You will not need to clone again to do more work. You will need to make sure you are up-to-date before you push changes, so you will need to git pull
.
Steve Donie
Principal Software Engineer
Datical, Inc. http://www.datical.com/
Hi, all.
I've followed the guidelines on the Liquibase DEV page as best I can. Can someone cross check that I've done things right? Here's what I did:
1) Registered as a user with Atlassian Cloud so I could create a Jira issue.
2) Created Jira issue CORE-2262
3) Forked the Liquibase repo at https://github.com/liquibase/liquibase, creating https://github.com/bsandiford/liquibase
4) Set my new repo default branch to 3.3.x to match where I'd like the fix made in Liquibase.
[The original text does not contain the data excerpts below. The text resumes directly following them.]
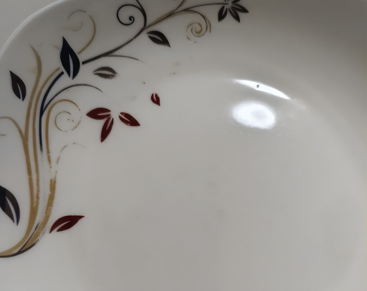 在高温的情况下,釉上彩工艺的餐具会出现脱落的可能,从而进入到食物里面,可别不当回事。
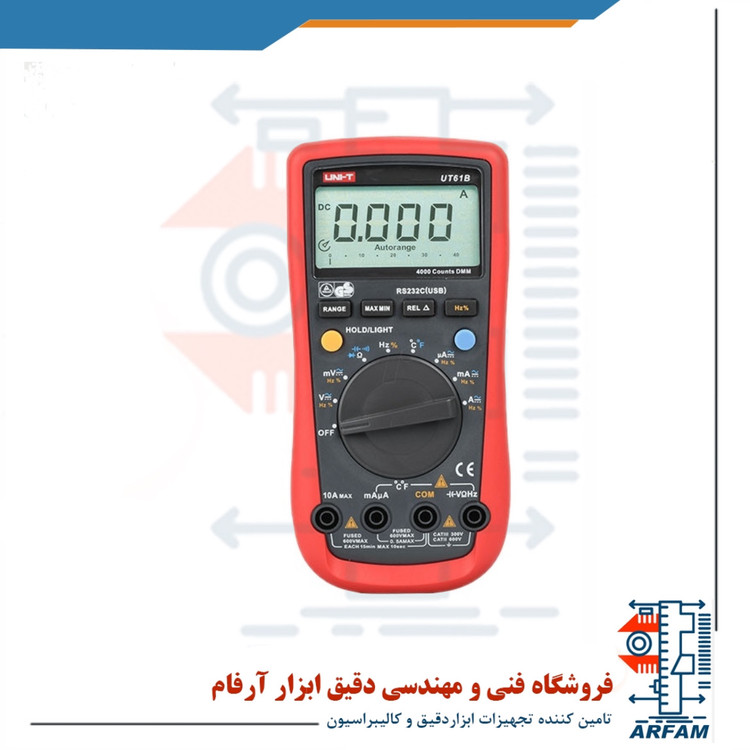 مولتی متر دیجیتالی یونیتی مدل +UT61B دارای ویژگی های مولتی متری کامل است که پارامترهای مدار را اندازه گیری میکند و در حوزه کاری الکترونیک و تست و تعمیر مدارهای الکتریکی و الکترونیکی، در آزمایشگاه های آموزشی، کارگاه ها و کارخانه های صنعتی کاربردی است. مولتی متر دیجیتالی UT61B پلاس، دارای تنظیم رنج خودکار هست و همچنین با صفحه نمایش بزرگ خود با نور پس زمینه و با اندازه گیری مقایسه ای و مقدار ماکزیممم ، مینیمم و مقدار نسبی است و قابلیت اتصال به کامپیوتر و گرفتن داده های اندازه گیری شده را بصورت خروجی و آنالیز این داده ها را روی سیستم دارد.
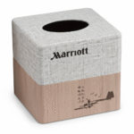 The Maples Jungle Classic Rounded Waste Bin features eco faux leather, natural linen, and light walnut wood laminate, combining rustic charm with practical functionality for luxury hotel rooms, suites, or lobbies. Designed with a rounded silhouette, it keeps spaces tidy while adding a natural, minimal, and eco-inspired touch to the décor.
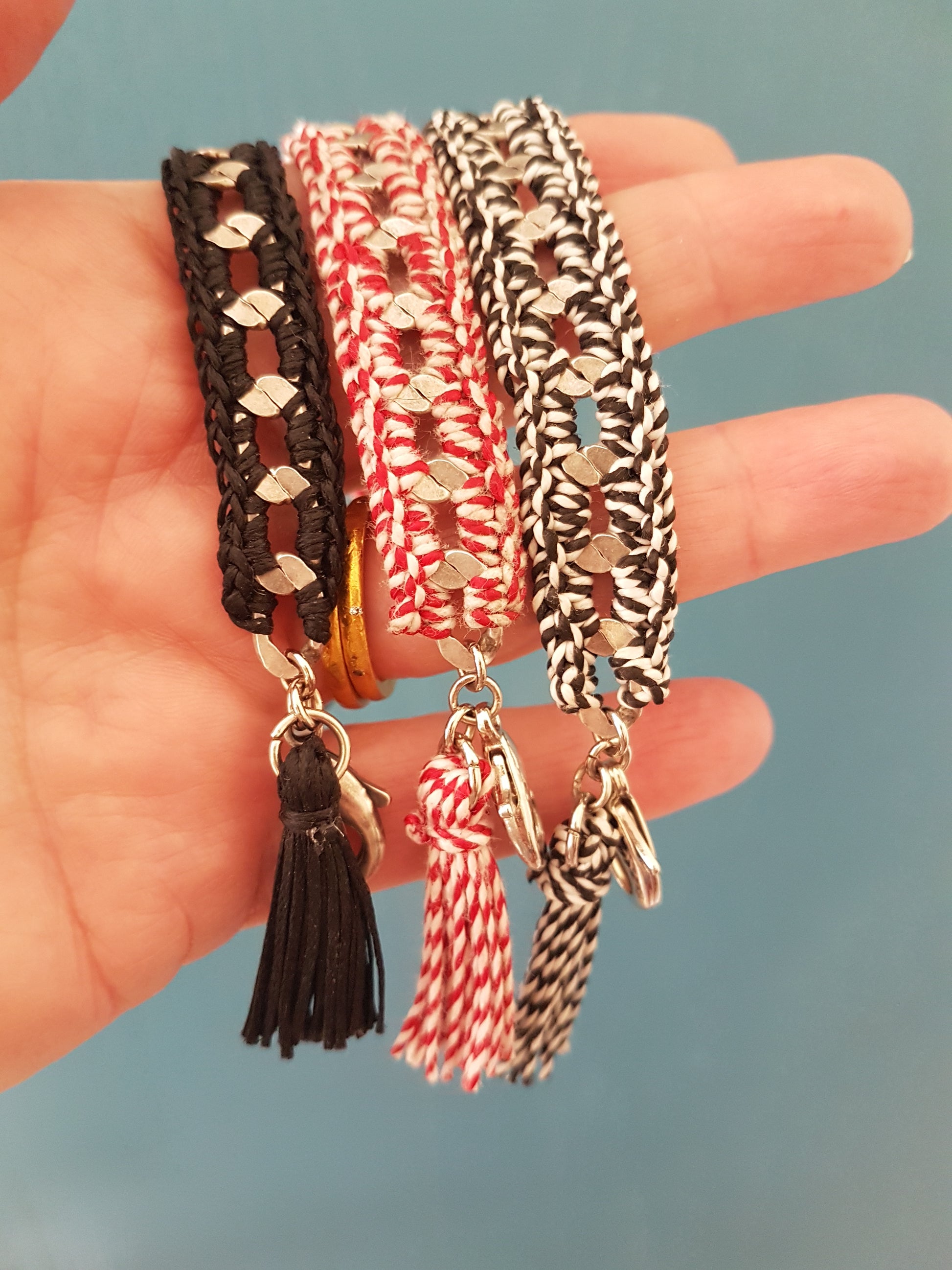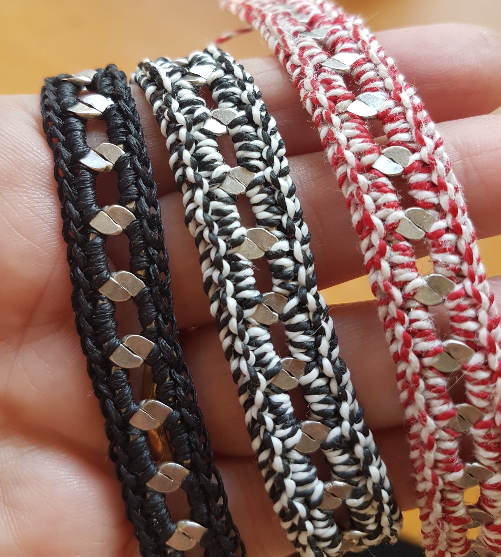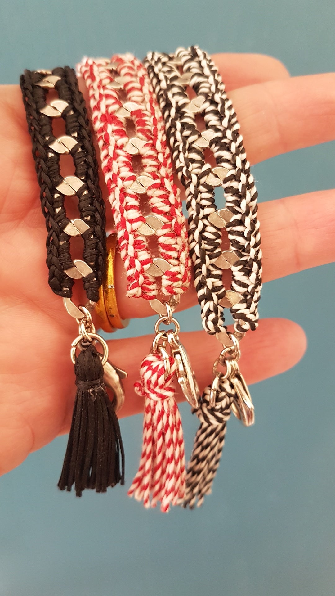 צמיד מיוחד בעבודת יד משרשרת מתכת מצופה כסף, סרוגה ביד עם חוט פוליאסטר מצופה שעווה. עמיד במים. מתנה נהדרת!
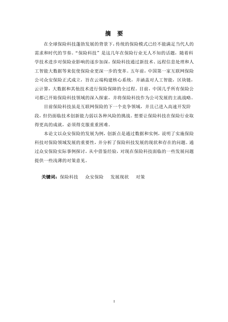 摘要在全球保险科技蓬勃发展的背景下,传统的保险模式已经不能满足当代人的需求和时代的节奏。“保险科技”是这几年在保险行业无人不知的话题,随着科学技术进步对保险业影响的逐步加深,保险科技通过新技术、远程信息处理和人工智能大数据等来促使保险业更深一步的变革。五年前,中国第一家互联网保险公司众安保险正式成立,旨在云端构建核心系统,并涵盖对人工智能,区块链,云计算,大数据和其他技术进行保险保障的全过程。目前,中国几乎所有保险公司都已开始保险科技领域的深入探索,并将保险科技作为公司发展的主流战略。目前保险科技虽是互联网保险的下一个竞争领域,并且已进入高速开发阶段,但仍面临技术创新能力弱以各种风险的挑战。想要让保险科技在保险行业取得更高的成就,必须得克服重重困难。本论文以众安保险的发展为例,创新点是通过数据和实例,说明了实施保险科技对保险领域发展的重要性,并分析了保险科技发展的现状和存在的问题。通过众安保险实际事例探讨,从中借鉴经验,对现在保险科技面临的一些发展问题提供一些浅薄的对策意见。关键词:保险科技众安保险发展现状对策ABSTRACTIn the context of the development of world insurance technology,the traditionalinsurance model can no longer meet the needs of modern people and the rhythm ofthe times."Insurance technology"is the past few years,no one in the insuranceindustry does not know the topic,the impact of scientific and technological progresson the insurance industry will gradually deepen,new technologies in insurancetechnology,through in-vehicle information service systems and artificial intelligenceand other data,the insurance industry.Five years ago,Zhongan Insurance,China 'sfirst internet insurance company,was formally established to build a core system inthe cloud and cover the entire process of insurance protection for artificial intelligence,blockchain,cloud computing,big data,and other technologies.At present,almost allinsurance companies in China have begun in-depth exploration in the field ofinsurance technology,and take insurance technology as the company's mainstreamstrategy for development.At present,although insurance technology is the next competitive field ofInternet insurance and has entered the stage of high-speed development,it still facesthe challenge of various risks due to weak technological innovation capabilities.Inorder for insurance technology to achieve higher achievements in the insuranceindustry,it is necessary to overcome many difficulties.This paper takes the development of Zhongan Insurance as an example,Thepoint of innovation is to illustrate the importance of implementing insurancetechnology to the development of the insurance field through data and examples,analyze the development status and existing problems of insurance technology,andpass the actual examples of Zhongan Insurance.Explore,draw lessons from it,andprovide some shallow countermeasures and suggestions on some development issuesfacing insurance technology now.Key words:Insurance TechnologyZhongAn InsuranceDevelopmentStatusCountermeasures目录一、引言1(一)选题背景及意义····1(一)在国家政策支持下的保险科技2(三)保险科技应用各个层次...44(二)科技赋能新保险.·····(三)众安保险值得借鉴的地方,······6四、保险科技发展过程中存在的问题以及对策.·77五、总结1011致
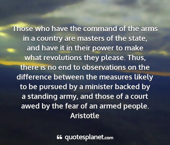 Those who have the command of the arms in a country are masters of the state, and have it in their power to make what revolutions they please. Thus, there is no end to observations on the difference between the measures likely to be pursued by a minister backed by a standing army, and those of a court awed by the fear of an armed people.Aristotle
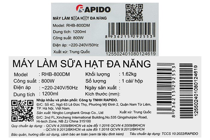 Đánh giá Máy làm sữa hạt đa năng Rapido RHB-800DM
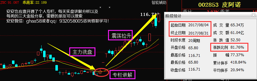 皮阿诺,是在8月4号,安安用一分钟选股法选出,该股经过前期震荡行情之后,主力开始洗盘,近期股价回踩支撑线,主力资金也是拐头向上,VOL成交量也在持续放量,说明主力资金是持续流入的,果断选出此股,20个交易日涨幅超过了81%,当然是安安的朋友,只要是及时看了安安的文章,学习了安安所讲的选股法,的朋友,都是抓到了这波。想学习此类选股方式的找安安查看,安安都有详细的讲解,如果你看了,对个人选股能力肯定是有不小的提升。
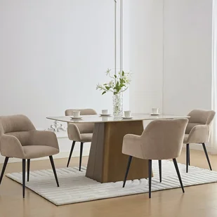 Z tapicerką z efektem weluru i czarną metalową podstawą, krzesło HEKA doskonale wpasowuje się w obecne trendy. W kuchni lub jadalni wniesie ciepły klimat i doda przytulności. Dodatkowo, miękkie siedzisko, tapicerowane oparcie i podłokietniki zapewnią wygodę podczas przyjemnych posiłków.
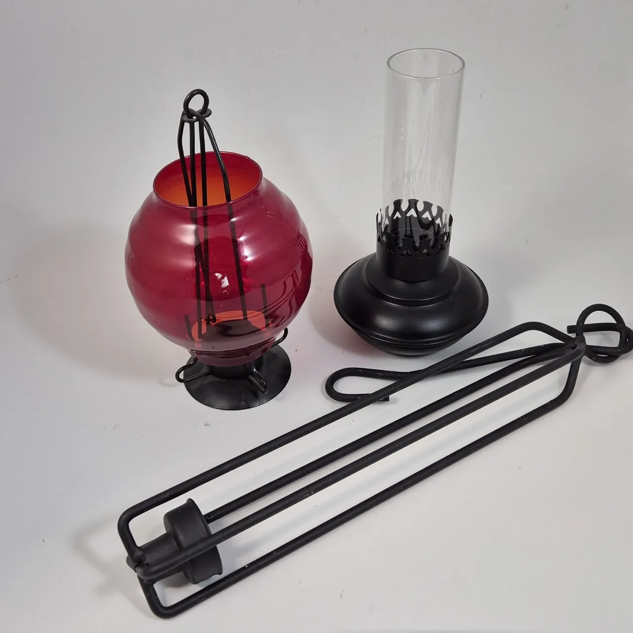 3st olika ljuslyktor . Höjd på den röda 23cm.
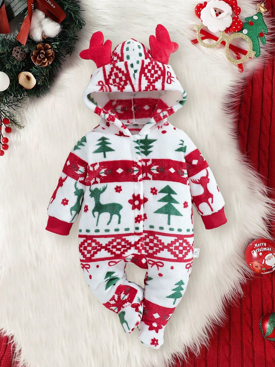 Adorable combinaison de Noël pour bébé, idéale pour célébrer les fêtes. Design festif avec motifs de rennes et de Noël, doux et confortable pour votre petit. Parfaite pour les photos de famille et les moments magiques.
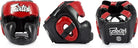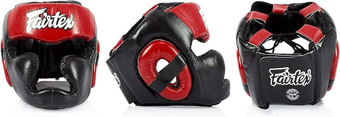 The Fairtex HG03 Diagonal Vision Sparring Headguard is designed to offer full head protection without compromising visibility. Engineered with thicker padding on the forehead, cheeks, and rear straps, ensuring maximum safety during intense sparring sessions. The innovative hook-shaped forehead design forms a triangular safety zone between the forehead and cheeks, effectively shielding key impact areas. Unlike standard headguards, the HG3 eliminates blind spots to enhance peripheral vision—giving fighters better awareness and confidence in the ring. Crafted from genuine leather with built-in ear wind shields, this headguard offers durability, comfort, and high-level performance.
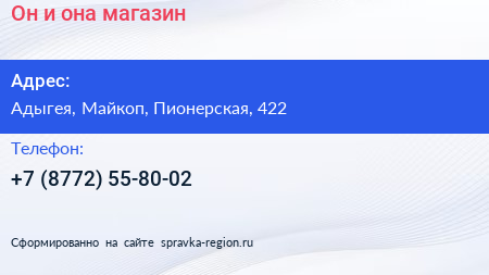 Он и она, магазин по адресу Адыгея, Майкоп, Пионерская, 422 в дальнейшем Организация, размещена в следующих категориях:
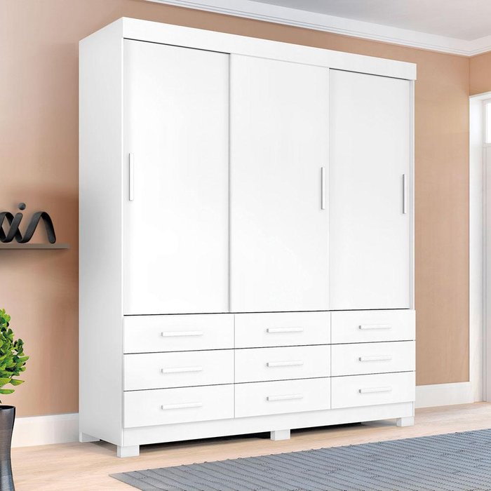 Dimensões do produto: Largura: 193 cm; Profundidade 52,8 cm; Altura 213 cm.Itens Inclusos: 1 guarda roupa- 3 portas de correr com trilhos em alumínio- Puxadores em MDF- 9 gavetas com corrediças metálicas que deslizam suavemente- Diversas repartições para melhor organização dos objetos- Possui 2 cabideiros- Produzido em MDP- Kit com 6 pés em PVC*O guarda roupa acompanha 6 pés em PVC, porém você pode optar por colocá-los ou não na hora da montagem do produto.Complexidade da montagem: Média, pode ser montado por apenas uma pessoa e/ou necessite de maior conhecimento para montagem.Recomendações de uso, manutenção e limpeza: Limpar com flanela ou pano macio seco, não utilizar produtos abrasivos, desengordurantes, álcool ou solvente. Não expor o produto diretamente a luz solar e à umidadeGarantia: 3 mesesOBS: Foto meramente ilustrativa, objetos e decoração não fazem parte do produto.

5) Checked out from my new repo, fixed the problem, committed and pushed back to my repo. Commit message includes the Jira number, summary, and what I fixed.
6) Created a pull request, and put a comment on the Jira issue so that it references the pull request (#366)
7) Waiting for someone to look at the pull request / merge back (hopefully!) / update the Jira.
One additional question. I have another bug fix I'd like to make. Do I need to clone Liquibase again, or can I just continue in my own repository?
Thanks!
Bob (newbie) Sandiford.
OK - turns out I missed a step. For multiple pull requests from the same fork, each change should be checked into a separate branch of the forked code. Otherwise, subsequent checkins to the base of the fork just end up being added to the first pull request.
So, I'm branching my repo for each separate change, and I'll do a pull request for each branch - that will keep them all separate.